Thanks heaps Niels, that has set me in the right direction at least.

Elliott

You’re most welcome,
Good luck fixing!

I’m using it right here in my own projects, they work alongside just
fine…
before_filter :login_required, :only => [ :change_password ]
require_role “admin”, :for => :edit, :unless => lambda { |user,params|
return params[:id].to_i==user.id
}
require_role “admin”, :for => [:index, :init_mailing]

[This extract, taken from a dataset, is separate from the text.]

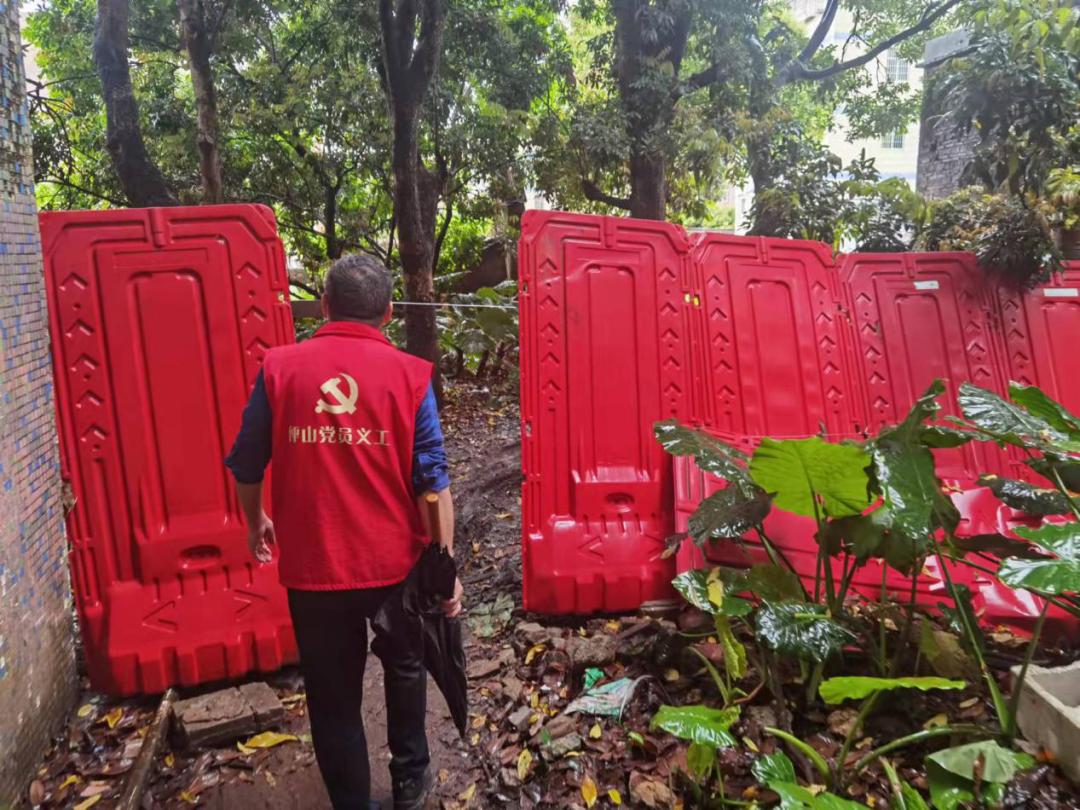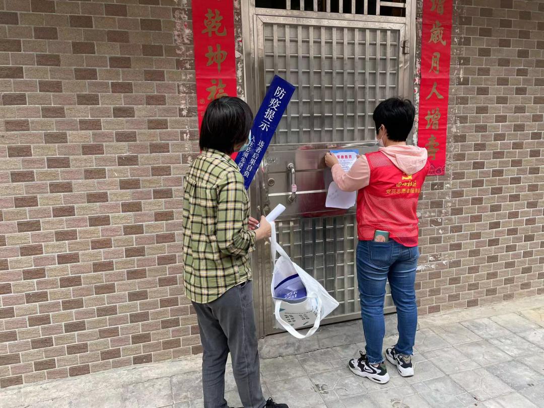△ 關(guān)工委委員趙為兵、賴(lài)碧梅帶頭參與疫情防控工作,動(dòng)員轄區(qū)物業(yè)、熱心居民共同參與抗疫志愿服務(wù)

Not sure where your problem could be coming from…

Actually

require_role “user”
require_role “admin”

should be enough to protect your actions. I do it like that in my
projects.

Nico

Hello Elliott,
Are you sure that:

  1. You have these roles defined in the roles table? and;
  2. There is an entry for row_id and user_id in your roles_users table?

For example,

If admin user has a user_id of 1 in users table and your roles table
defines the “admin” role with a role_id = 1 then you must have a row
in roles_users table corresponding to this combination:

role_id = 1, user_id = 1

Check if you have done this.
Bharat

I had broken r_a#before_filter :login_required by tweaking the source
to make some tests pass. That change had also altered the way the
r_r#require_role was working.

I changed the code back, and now require_role “user” & require_role
“admin” do as they should without having to use
before_filter :login_required as well.

Thanks for the help guys!

Bharat R. wrote:

Hello Elliott,
Are you sure that:

  1. You have these roles defined in the roles table? and;
  2. There is an entry for row_id and user_id in your roles_users table?

For example,

If admin user has a user_id of 1 in users table and your roles table
defines the “admin” role with a role_id = 1 then you must have a row
in roles_users table corresponding to this combination:

role_id = 1, user_id = 1

Check if you have done this.
Bharat

Sorry for resurrecting an old thread, but this situation describes
exactly the situation I have set up. Yet I can’t get the user to
authenticate as an administrator.

I have a single user who I have granted admin rights, in the
admins_users table:

| admin_id | user_id |
±---------±--------+
| 1 | 1 |

Where in the user table the user has ID = 1. The user is also in the
admins table:

| id | name |
±—±-----+
| 1 | test |

However, I am seeing this query deny the user access:

User Columns (1.3ms) SHOW FIELDS FROM users
User Load (0.5ms) SELECT * FROM users WHERE (users.id = 1)
LIMIT 1
admins_users Columns (0.8ms) SHOW FIELDS FROM admins_users
Admin Load (1.2ms) SELECT * FROM admins INNER JOIN
admins_users ON admins.id = admins_users.admin_id WHERE
(admins_users.user_id = 1 )
Admin Columns (0.8ms) SHOW FIELDS FROM admins
Filter chain halted as [:check_roles] rendered_or_redirected.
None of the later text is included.